US delists MEK, does ‘not see as viable Iran opposition’ group


The State Department announced Friday that, as anticipated, it has decided to remove the controversial Iranian group, the Mujahedin-e Khalq (MEK), from the US list of foreign terrorist organizations.

The delisting of the anti-regime group is effective as of Friday (September 28), and was largely made on humanitarian grounds, the State Department said.

“We do not see the MEK as a viable opposition movement,” a senior State Department official stressed in a call to journalists Friday. “We have no evidence or confidence the MEK could promote the democratic values we would like to see in Iran. … We continue to have serious concerns about abuses the group has committed to its  own members.”
“I can tell you this decision is made on the merits, not based on” the MEK’s high-profile US lobbying campaign, the senior State Department official added.

Secretary of State Hillary Clinton decided to delist the MEK as compensation for the group’s almost complete evacuation of its historic base in Iraq, a US official told Al-Monitor last week.

The official said the decision reflected the fact that all but 200 MEK members have now relocated from Camp Ashraf north of Baghdad to a facility near Baghdad airport, Camp Liberty, where they will be processed for resettlement out of Iraq by the UN High Commissioner for Refugees.
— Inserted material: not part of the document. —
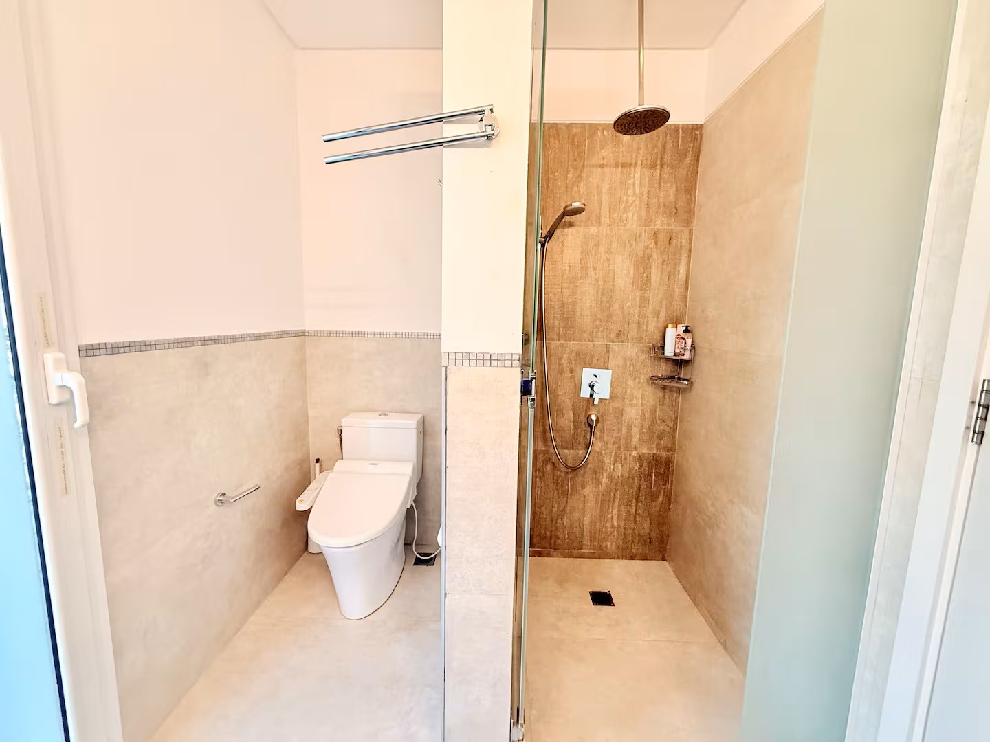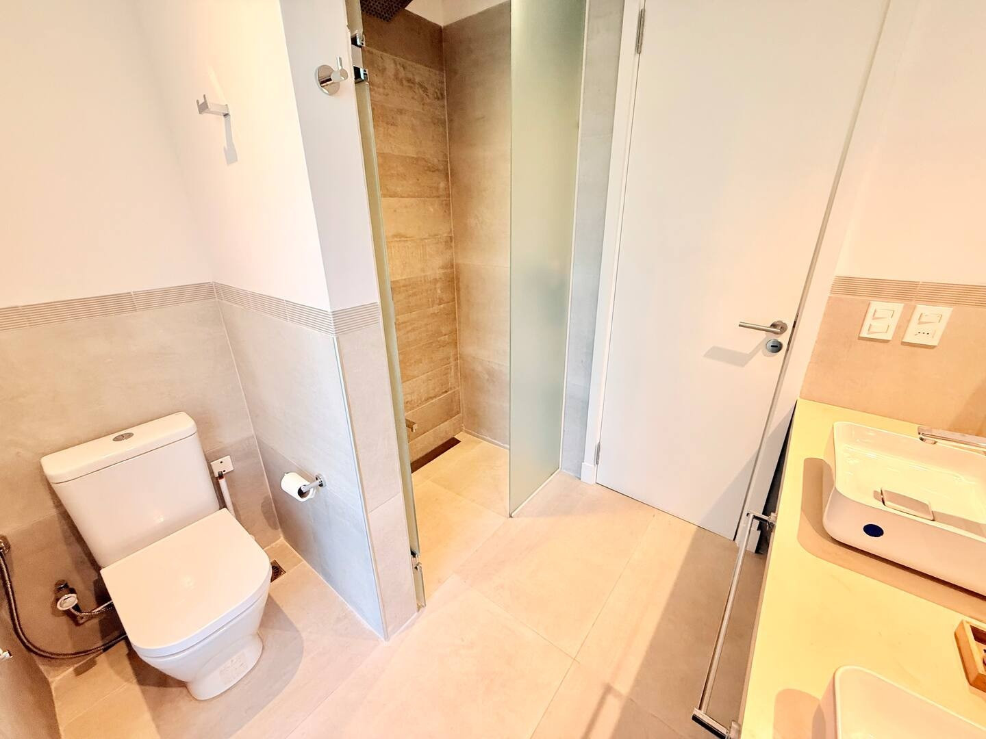 Habitación 1) en planta alta con baño completo en suite, balcon, TV con Apple TV. 1 cama matrimonial tamaño king size, aire acondicionado frio/calor. Placa de calefacción

“With today’s actions, the Department does not overlook or forget the MEK’s past acts of terrorism, including its involvement in the killing of U.S. citizens in Iran in the 1970s and an attack on U.S. soil in 1992,” the State Department said in a press statement.  “The Department also has serious concerns about the MEK as an organization, particularly with regard to allegations of abuse committed against its own members.”